The university covers all the students’ costs, including meals and lodging in cheerful concrete houses along Fondwa’s sole paved road. The students live four to a room — a major improvement over the mud-floor huts where many grew up.
Most speak French and Creole, but are expected to be fluent in English and Spanish by the time they graduate, to improve their job prospects in the region.
Despite initial plans to enroll 120 students, administrators failed to meet their fund-raising goals. With a $10,000 monthly budget, the university plans to offer only 20 spots for next year’s class, says Ms. Schneider.
Like most of the roughly 15 staff members, who include professors from Cuba, France, and the United States, she is not here for the money. Professors earn, on average, $400 per month, while Ms. Schneider and a few others are volunteers.
Ms. Schneider, who has a Ph.D. in clinical psychology, first came to Haiti in 2001 on a trip sponsored by a Roman Catholic group, and was so impressed with the project that she agreed to serve as the institution’s first rector.
Aid From Cuba
The project is modeled after Cuba’s University of Guantánamo, which trains local farmers in sustainable agriculture. In 2003 several Cuban educators came to Fondwa to help set up a similar program.
While the climates and topographies of the two countries are similar, Haiti’s problems are far more extreme. Health care outside the cities is virtually nonexistent. And many areas lack roads, so the sick must either walk or be carried to the nearest clinic, sometimes miles away.
Fondwa’s paved road was built about 20 years ago to link the capital to the southern coast. But the town lacks electricity, and water is scarce. The university relies on gas-powered generators to run its half dozen computers, which are only available for three hours at night.
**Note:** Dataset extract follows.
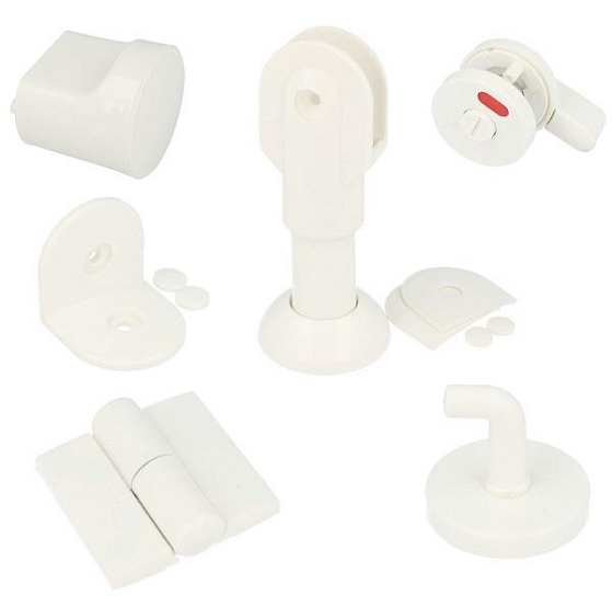 Doua balamale, un cuier, 2 picioare, o incuietoare, un maner, 12 placute L de prindere.

Such hardships are familiar to the students. Manouche Douze, a 22-year-old agronomy student, comes from a village in central Haiti that is so remote that farmers carry their produce to market on horseback. While the region has abundant water, her village lacks the means to trap the water for agriculture, she says.
Ms. Douze is happy to be studying away from Port-au-Prince, where political violence has left thousands dead over the past few years. But she hopes to return to her village after graduating to help resolve one of its most urgent problems.
“The first thing is to set up an irrigation system,” she says, smiling at the thought. “If we can just do that, the situation will definitely improve.”